Commissioner, 174 F.3d 997, 1003-1004 (9th Cir. 1999) (finding that the

shareholder recognizes income from a stock sale where acquisition is “practically

certain to occur”, rather than the subject of “a mere anticipation or expectation”,

before the shareholder donates stock), aff’g 108 T.C. 244 (1997). In Hudspeth v.

United States, 471 F.2d 275, 276 (8th Cir. 1972), for example, the court recast a

stock donation as a taxable stock sale and donation of the sale proceeds where the
                                        -9-

[*9] taxpayer donated stock after the issuing corporation’s directors and

shareholders had adopted a plan of complete liquidation. See also Jones v. United

States, 531 F.2d 1343, 1343-1344 (6th Cir. 1976); Allen v. Commissioner, 66 T.C.
340, 347 (1976).2 By contrast, there was no assignment of income in Palmer v.

Commissioner, 62 T.C. 687-688, 695, even though all parties were related and

anticipated the redemption before the donation, because “no vote for the

redemption had yet been taken” when the shareholder donated the stock. As in

Palmer, the redemption in this case was not a fait accompli at the time of the gift.

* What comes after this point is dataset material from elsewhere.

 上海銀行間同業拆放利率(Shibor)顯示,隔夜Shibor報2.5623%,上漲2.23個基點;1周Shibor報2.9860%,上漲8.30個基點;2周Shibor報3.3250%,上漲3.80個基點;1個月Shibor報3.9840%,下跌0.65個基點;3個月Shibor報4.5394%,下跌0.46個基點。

As noted above, respondent argues that the parties may have prearranged for

Fidelity to redeem the stock. Even if that was the case, it would not affect the

analysis under the second Humacid requirement. Rather, we respect the form of

the transaction because petitioner husband did not avoid receipt of redemption

proceeds by donating the GCI shares.

      The parties point us to Rev. Rul. 78-197, 1978-1 C.B. 83, a “bright-line”

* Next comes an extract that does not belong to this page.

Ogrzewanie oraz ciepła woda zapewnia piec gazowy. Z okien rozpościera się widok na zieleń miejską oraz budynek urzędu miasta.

rule the IRS applies in cases like Palmer, which focuses on the donee’s control

      2
        The Court of Appeals for the Ninth Circuit has gone a step further,
asserting in dicta that stock sale proceeds are taxable to a shareholder who donates
stock absent a binding obligation to sell if the facts and circumstances indicate that
a tender offer and merger are “practically certain to proceed” in the immediate
future. See Ferguson v. Commissioner, 174 F.3d 997, 1004 (9th Cir. 1999), aff’g
108 T.C. 244 (1997).
                                       - 10 -

[*10] over the disposition of the appreciated property. See Rauenhorst v.

Commissioner, 119 T.C. 165.3 This Court has not adopted Rev. Rul. 78-197,

supra, as the test for resolving anticipatory assignment of income issues, see

Rauenhorst v. Commissioner, 119 T.C. 166, and does not do so today. The

ultimate question, as noted in Palmer, is whether the redemption and the

shareholder’s corresponding right to income had already crystallized at the time of

the gift. See Palmer v. Commissioner, 62 T.C. 694-695. Regardless of whether

the donee’s obligation to redeem the stock may suggest the donor had a fixed right

to redemption income at the time of the donation, see Rauenhorst v.

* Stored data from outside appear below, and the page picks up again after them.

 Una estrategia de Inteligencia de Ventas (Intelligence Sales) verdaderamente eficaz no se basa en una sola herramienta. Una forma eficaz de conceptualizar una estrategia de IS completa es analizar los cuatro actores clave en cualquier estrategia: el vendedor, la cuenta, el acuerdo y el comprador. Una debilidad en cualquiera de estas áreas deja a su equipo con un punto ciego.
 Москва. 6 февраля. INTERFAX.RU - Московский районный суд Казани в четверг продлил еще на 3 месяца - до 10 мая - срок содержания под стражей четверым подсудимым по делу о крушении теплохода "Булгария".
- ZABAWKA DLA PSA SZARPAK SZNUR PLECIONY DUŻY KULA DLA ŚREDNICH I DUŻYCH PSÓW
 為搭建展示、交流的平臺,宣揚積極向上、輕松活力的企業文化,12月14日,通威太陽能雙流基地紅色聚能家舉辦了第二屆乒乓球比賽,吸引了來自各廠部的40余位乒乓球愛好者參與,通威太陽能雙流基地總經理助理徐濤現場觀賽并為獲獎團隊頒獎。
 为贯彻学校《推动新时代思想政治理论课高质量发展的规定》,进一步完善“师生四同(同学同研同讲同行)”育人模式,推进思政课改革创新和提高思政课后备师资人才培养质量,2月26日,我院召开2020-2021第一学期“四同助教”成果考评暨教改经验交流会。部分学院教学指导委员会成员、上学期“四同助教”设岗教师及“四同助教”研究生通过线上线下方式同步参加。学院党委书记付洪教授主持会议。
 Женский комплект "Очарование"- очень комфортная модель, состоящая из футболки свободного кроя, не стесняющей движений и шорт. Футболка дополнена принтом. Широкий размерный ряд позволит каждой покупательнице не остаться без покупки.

Commissioner, 119 T.C. 166-167, respondent does not allege that petitioner

husband had any such right in this case. Accordingly, respondent’s resort to Rev.

Rul. 78-197, supra, is unavailing.

                                     Conclusion

      As required by Humacid and its progeny, petitioner husband made an

absolute gift of the GCI shares in each taxable year before the stock gave rise to

      3
       Rev. Rul. 78-197, 1978-1 C.B. 83, 83, announces that the IRS “will treat
the proceeds as income to the donor under facts similar to those in the Palmer
decision only if the donee is legally bound, or can be compelled by the [issuing]
corporation, to surrender the shares for redemption.”
                                      - 11 -

[*11] income by way of a sale. We will therefore grant petitioners’ motion for

summary judgment, and deny respondent’s motion for partial summary judgment.

      To reflect the foregoing,

                                               An appropriate order and decision

                                      will be entered.